■ **YOUR OBJECTIVE**:
Without any pictures, reproduce exactly the lines running from the line containing "Each piece is" through the end of the entries.

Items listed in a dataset
┄┄┄┄┄┄

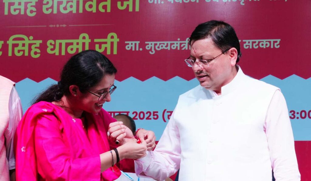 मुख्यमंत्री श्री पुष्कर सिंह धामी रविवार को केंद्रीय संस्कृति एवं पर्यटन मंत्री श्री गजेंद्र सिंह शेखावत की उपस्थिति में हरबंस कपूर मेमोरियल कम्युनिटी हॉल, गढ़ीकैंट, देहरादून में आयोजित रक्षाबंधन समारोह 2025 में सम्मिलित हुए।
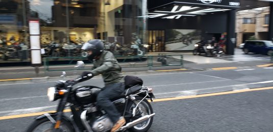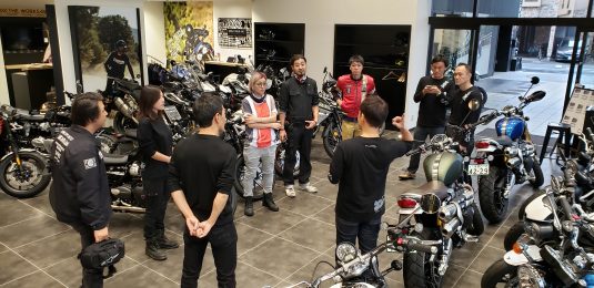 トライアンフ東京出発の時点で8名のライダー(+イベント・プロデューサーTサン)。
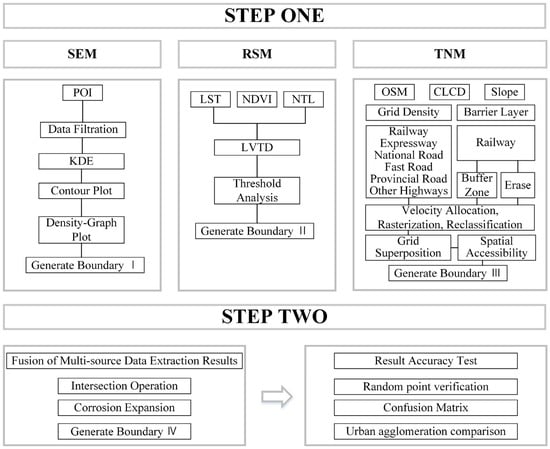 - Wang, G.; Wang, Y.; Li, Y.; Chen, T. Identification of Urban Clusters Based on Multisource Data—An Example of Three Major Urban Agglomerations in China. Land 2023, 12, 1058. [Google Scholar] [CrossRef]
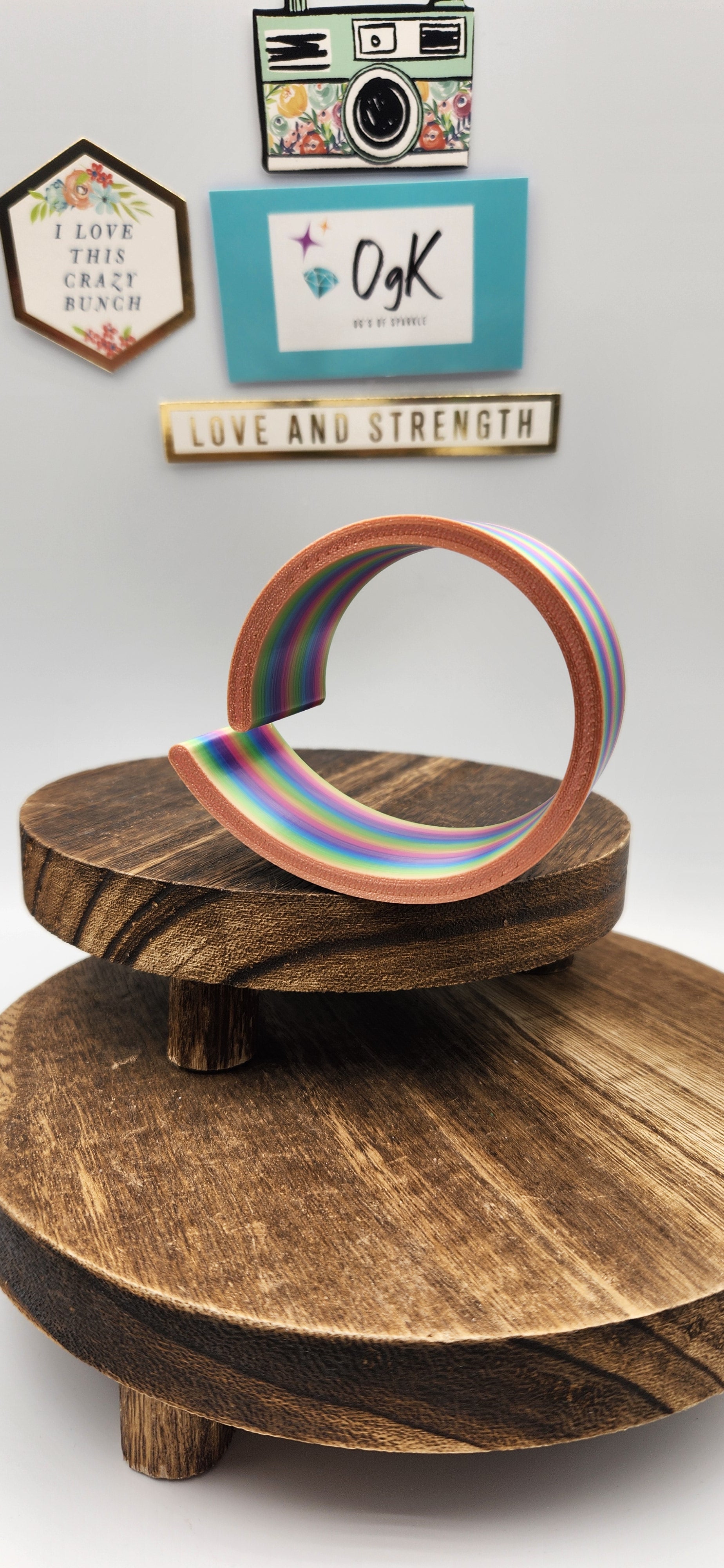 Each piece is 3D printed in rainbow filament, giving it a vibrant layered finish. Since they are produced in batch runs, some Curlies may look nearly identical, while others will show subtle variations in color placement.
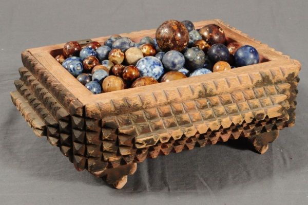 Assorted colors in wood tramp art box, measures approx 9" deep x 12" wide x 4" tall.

┄┄┄┄┄┄

■ **COMPLETED EXERCISE**:
 Each piece is 3D printed in rainbow filament, giving it a vibrant layered finish. Since they are produced in batch runs, some Curlies may look nearly identical, while others will show subtle variations in color placement.
 Assorted colors in wood tramp art box, measures approx 9" deep x 12" wide x 4" tall.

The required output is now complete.